Several partner organizations offer food “prescriptions” that empower you to purchase healthy foods on your own.

“I think we have to be careful not to play into the stereotype that people who don't have enough — those who lack economic resources to purchase food — are somehow ignorant or not aware of what foods are good for them,” says Dr. Wang. “I think most people can say, ‘Yes, I know vegetables are healthy and fruits are healthy, but can you believe how much a box of blueberries costs?’”

Payment cards

The company About Fresh provides technology that helps healthcare organizations cover the cost of food for the people they serve. Mass General Brigham providers can enroll qualifying patients in the company’s Fresh Connect program, which provides a prepaid card that people can use to buy fresh produce.

According to the company, the prepaid cards work at:

  • Grocery stores
  • Farmers’ markets
  • Mobile markets

Custom meals

Providers can also connect eligible patients to Community Servings, a regional program offering meals tailored to the nutritional needs of thousands of people across Massachusetts and Rhode Island. Patients who cannot shop or cook for themselves or their families due to a critical illness can enroll in this program.

The program offers 16 medical diets for people living with specific conditions. One example: the Kidney Kind diet, which provides food for people with end-stage kidney disease or diabetes who need to limit the vitamins they eat (sodium, potassium, and phosphorous, to name a few) and fluids they drink.

Evolving Food is Medicine for future patient needs

According to Dr. Mirsky, the Food is Medicine program will evolve with the needs of its patients. The MGH Revere Food Pantry, for example, began inside a small, renovated closet months before the COVID-19 pandemic.

The pandemic left the U.S. economy in crisis. Unemployment, increased rents, and inflation left millions of more Americans questioning where they may find their next meal.
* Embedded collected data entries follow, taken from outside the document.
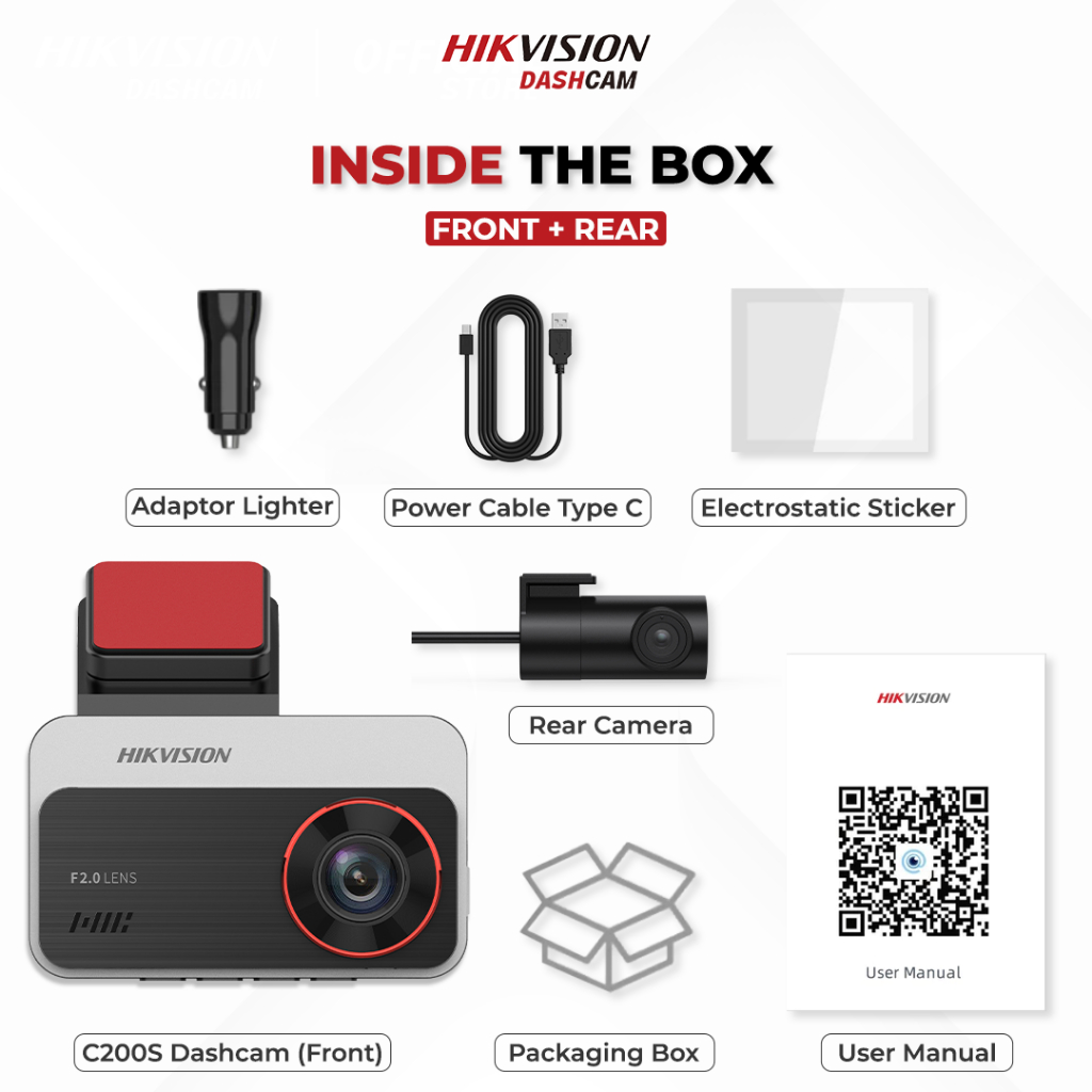 HIKVISION C200S Dash Cam 1080P WiFi Front+Rear Dual Channel Dashcam Mobil
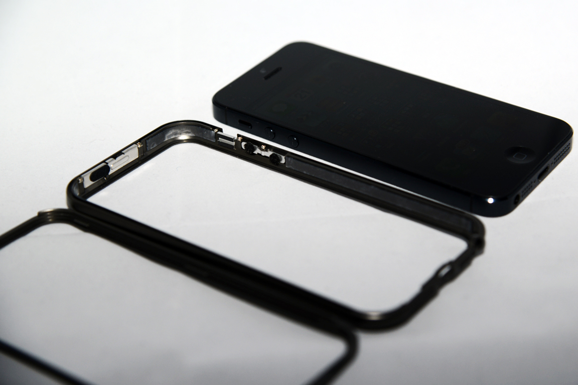アルミバンパー、金属製バンパー、フレーム型ケースに多く見られるネジ式でなく、ワンタッチで簡単に着脱できる機構が採用されている。イージーな着脱ができるが、装着感はしっかりしており、所持した状態から落下させてしまっても、不意に外れるような事は起こらなかった。 また、落としてしまったり強い衝撃が加わった際は、バンパー自体に傷がついたりはするが、iPhoneそのものに傷がついたり破損すると言った事は発生しなかった。
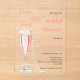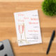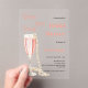 Une invitation moderne, élégante et glamour pour un Vino avant Vows Fête des mariées. Un arrière - plan transparent et transparent avec un verre, flûte avec des bulles roses et des perles. Le nom est écrit avec un script de style moderne écrit à la main. Personnalisez et ajoutez les détails de votre fête.
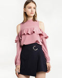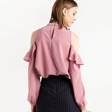 Give them the cold shoulder! This beautiful blouse features a ruffle bodice, off the shoulder look, and long full sleeves.
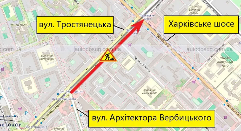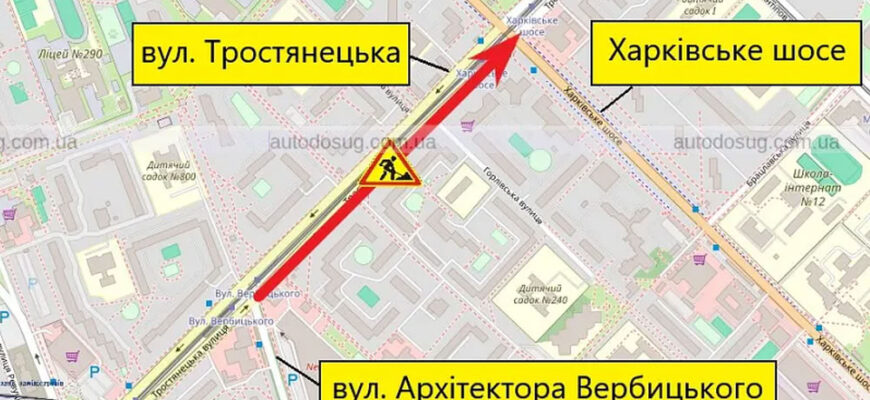 Обмеження діятимуть щодня з 08:00 до 17:00 на ділянці від вулиці Архітектора Вербицького до Харківського шосе через проведення дорожніх робіт.
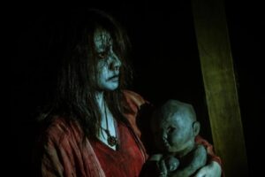 Production horrifique taïwanaise, Mudborn s’impose comme une belle surprise, mêlant folk horror, épouvante et science-fiction. Pour son premier long-métrage, Meng-Ju Shieh témoigne, en effet, d’un talent incontestable et nous offre un spectacle de qualité qui illustre, une fois de plus, le dynamisme du cinéma asiatique en matière de Fantastique. Après une séquence pré-générique jouant sur les jump scares et le gore, le réalisateur pose le contexte. Un contexte lié à la prochaine parentalité des deux héros et dans lequel la femme, enceinte, occupe une place centrale. La relation qui unit le couple est, en ce sens, très bien rendue et permet au spectateur de s’attacher presque immédiatement aux personnages principaux. De plus, le fait que le scénario, intelligent et sensible, marie les thèmes de l’art, de la religion (les croyances taoïstes) et de la maternité, confère au film une véritable originalité et engendre des séquences souvent troublantes. A cela s’ajoute le milieu du jeu vidéo qui sert de toile de fond au récit et qui est parfaitement exploité par le cinéaste. Ce dernier profite ainsi de la réalité virtuelle pour brouiller, par moments, les pistes entre réel et imaginaire, tout comme il gère à merveille les images issues des caméras de surveillance installées dans le domicile des futurs parents. D’abord assez obscure, l’intrigue, qui s’inspire librement d’une comptine taïwanaise, devient au fur et à mesure de plus en plus limpide et s’avère passionnante à partir du moment où elle nous plonge dans les secrets des talismans. De plus, Meng-Ju Shieh nous gratifie de quelques scènes aussi sanglantes qu’effrayantes à l’image de celle se déroulant dans l’appartement de Ah-Yi, mais aussi et surtout d’un dénouement très émouvant qui participe grandement à la formidable réussite que représente Mudborn.

The food pantry responded to the needs of Massachusetts residents accordingly. Its operations expanded dozens of square feet and now features a walk-in freezer to accommodate several more tons of food. By the end of 2024, Dr. Mirsky says the pantry will increase its number of accepted patients by 50%.

Dr. Wang believes community care providers and social workers can help further streamline the patient journey. While clinicians may know generally about food and nutrition resources, community health workers and other role groups with expertise in these areas may more effectively be able to connect the right patient to the right resource.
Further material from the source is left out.